Or the form, such as read-only storage (ROM) or flash memory (flash RAM) such as Nonvolatile memory, memory includes at least one
Individual storage chip.
Present invention also provides a kind of embodiment of computer program product, when being performed on data processing equipment, fit
In the program code for performing initialization there are as below methods step:Word segmentation processing is carried out to text to be measured, each word is determined
The corresponding term vector of language;In units of the sentence in text to be measured, by the corresponding word of each word in every sentence to
Amount is input in neural network model, and the keyword in text to be measured is marked using neural network model.

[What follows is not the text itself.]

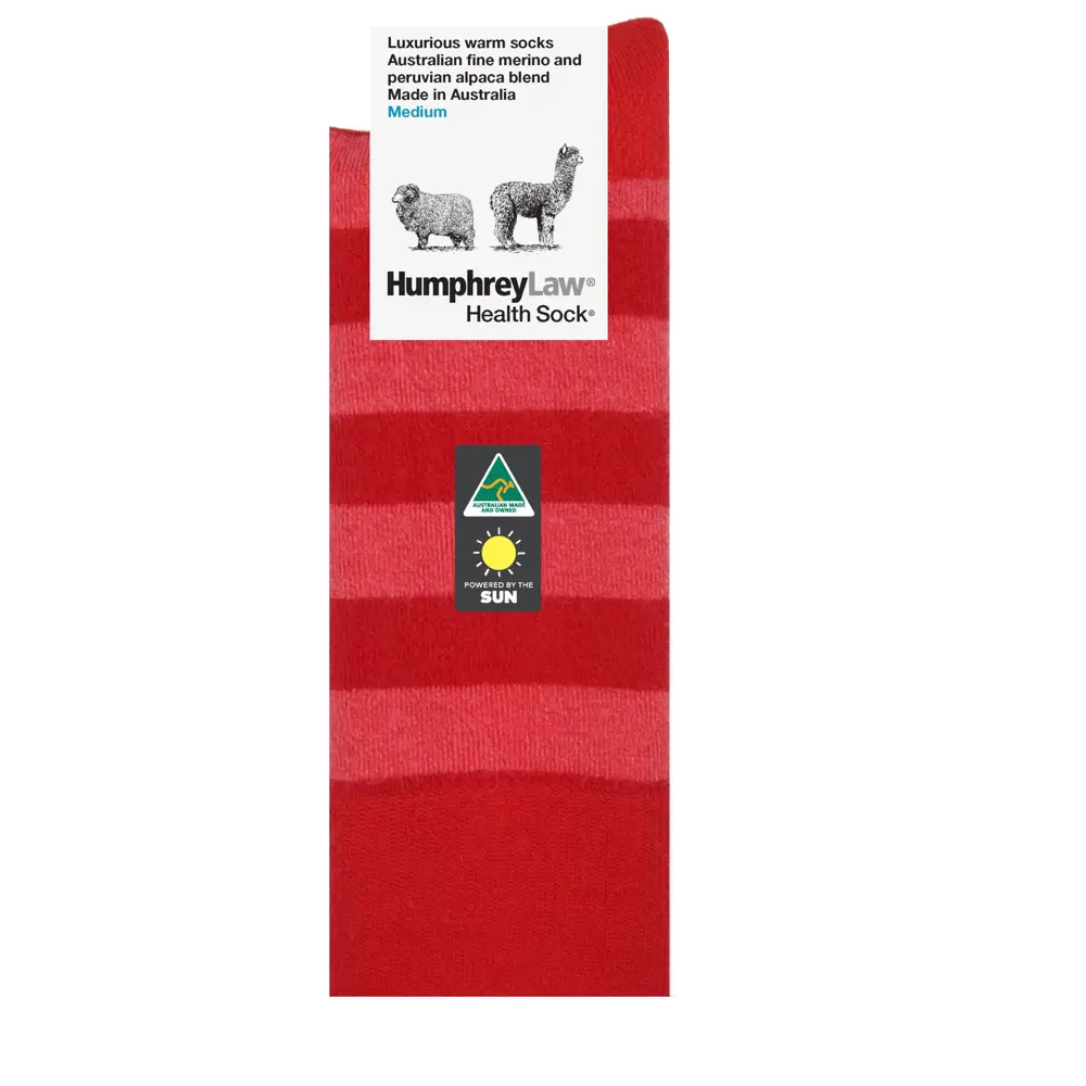 This luxurious and warm sock is a blend of two natural yarns – fine merino wool and baby alpaca. The 19 micron Australian merino fleece wool is sourced from graziers in Southern NSW. The baby Alpaca is sourced from Peru and is soft, supple and smooth containing microscopic air pockets which are perfect for retaining feet warmth. This sock is not recommended for high abrasion use such as in work boots. A Health Sock® with no tight elastic top.

Above-mentioned the embodiment of the present application sequence number is for illustration only, and the quality of embodiment is not represented.
In above-described embodiment of the application, the description to each embodiment all emphasizes particularly on different fields, and does not have in certain embodiment
The part of detailed description, may refer to the associated description of other embodiment.
In several embodiments provided herein, it should be understood that disclosed technology contents, can be by other
Mode realize.Wherein, device embodiment described above is only schematical, such as division of described unit,
Can be a kind of division of logic function, there can be other dividing mode when actually realizing, for example multiple units or component
Can combine or be desirably integrated into another system, or some features can be ignored, or do not perform.It is another, institute
Display or the coupling each other for discussing or direct-coupling or communication connection can be by some interfaces, unit or mould
The INDIRECT COUPLING of block or communication connection, can be electrical or other forms.
The unit that is illustrated as separating component can be or may not be it is physically separate, it is aobvious as unit
The part for showing can be or may not be physical location, you can with positioned at a place, or can also be distributed to
On multiple units.Some or all of unit therein can be according to the actual needs selected to realize this embodiment scheme
Purpose.
In addition, during each functional unit in the application each embodiment can be integrated in a processing unit, it is also possible to
It is that unit is individually physically present, it is also possible to which two or more units are integrated in a unit.It is above-mentioned integrated
Unit can both be realized in the form of hardware, it would however also be possible to employ the form of SFU software functional unit is realized.
If the integrated unit is to realize in the form of SFU software functional unit and as independent production marketing or when using,
Can store in a computer read/write memory medium.Based on such understanding, the technical scheme essence of the application
On all or part of the part that is contributed to prior art in other words or the technical scheme can be with software product
Form is embodied, and the computer software product is stored in a storage medium, including some instructions are used to so that one
Platform computer equipment (can be personal computer, server or network equipment etc.) performs each embodiment institute of the application
State all or part of step of method.And foregoing storage medium includes:USB flash disk, read-only storage (ROM, Read-Only
Memory), random access memory (RAM, Random Access Memory), mobile hard disk, magnetic disc or CD
Etc. it is various can be with the medium of store program codes.
The above is only the preferred embodiment of the application, it is noted that for the ordinary skill people of the art
For member, on the premise of the application principle is not departed from, some improvements and modifications can also be made, these improve and moisten
Decorations also should be regarded as the protection domain of the application.
Claims (10)
1. a kind of model training method, it is characterised in that including:
The text message with part of speech mark is obtained, wherein, the text message includes a plurality of sentence, every language
Each word in sentence carries the part of speech mark of corresponding part of speech type;
Determine the term vector of each word in every sentence, the term vector is to represent correspondence for unique
Word Multidimensional numerical;
In units of the sentence in the text message, by the corresponding part of speech of each word in every sentence mark and
Its corresponding term vector is input to Recognition with Recurrent Neural Network, and training obtains neural network model, wherein, the nerve
Network model is used to be marked the word in sentence.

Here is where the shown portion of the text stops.